Lady Gaga e Hans Zimmer é uma dupla e tanto, inconcebível em outros tempos de cultura pop, e a trilha sonora de Top Gun: Maverick sem dúvida se tornou mais memorável por causa disso. “Hold My Hand” pode não ter sido um hit tão inescapável quanto “Shallow”, mas o sucesso astronômico do filme não machucou a carreira de ninguém, e a canção de qualquer forma consolidou Gaga como um daqueles nomes certeiros da composição hollywoodiana – tanto se você quiser views no YouTube quanto se você quiser uma indicação ao Oscar.
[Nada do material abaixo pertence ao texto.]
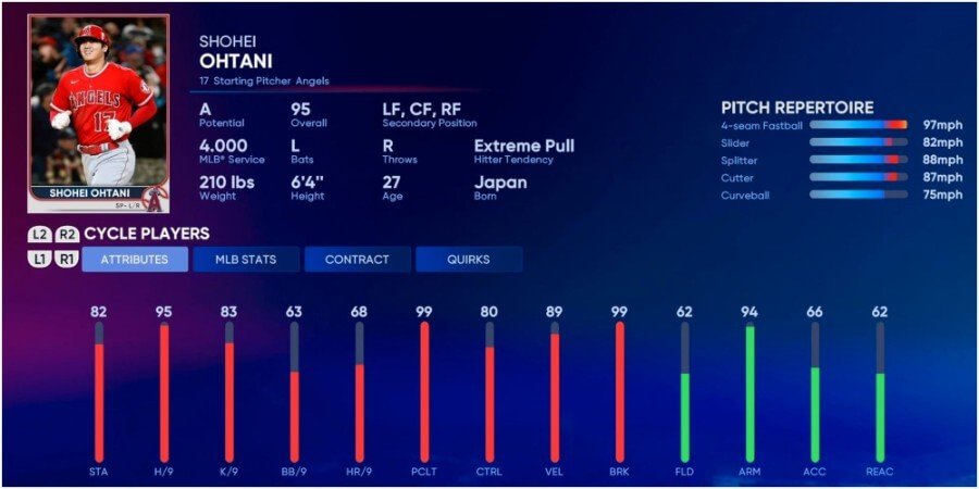 오타니는 90년대에 3가지 속성을 가지고 있습니다. 여기에는 피칭 클러치 및 피치 브레이크 카테고리를 99개로 최대화하는 것입니다. 그는 많은 사람들이 칠 수 없는 엄청난 97마일의 패스트볼을 던집니다. 이것이 그가 9이닝당 95개의 타수를 자랑하는 이유이기도 합니다. 그 문제에 대해 일반적으로 더 나은 양방향 선수나 야구 선수를 요청할 수 없습니다. 오타니는 9승 1패 평균자책점 3.18, 삼진 156개를 기록했다.

Novembro de 2024 – Coringa: Folie à Deux

Ao contrário do que aconteceu com Nasce Uma Estrela, com Casa Gucci ou mesmo com seu envolvimento musical em Top Gun: Maverick, o nome de Lady Gaga atrelado a Coringa: Folie à Deux causou estranhamento em muita gente – mas será que deveria? Sim, nós sabemos que é meio fora da curva pensar que a continuação do filme de 2019 (que trouxe uma origem “sombria e realista” para o vilão do Batman, e acabou se tornando um dos queridinhos do Oscar) será um musical coestrelado pela mulher que fez “Bad Romance” e “Poker Face”.

Ao mesmo tempo, esse não é exatamente o tipo de projeto que faz sentido para Lady Gaga, a atriz, tanto em termos comerciais (o primeiro Coringa arrecadou mais de US$ 1 bilhão, vale lembrar) quanto em termos críticos e acadêmicos? Muita gente tem se acostumado com a ideia de uma Arlequina vivida por Gaga com o “vazamento” de várias fotos do set, mas a prova final vem mesmo ano que vem. Se ela nos ensinou uma coisa nessa década e meia, no entanto, foi essa: quando se trata de Lady Gaga, é melhor esperar para ver.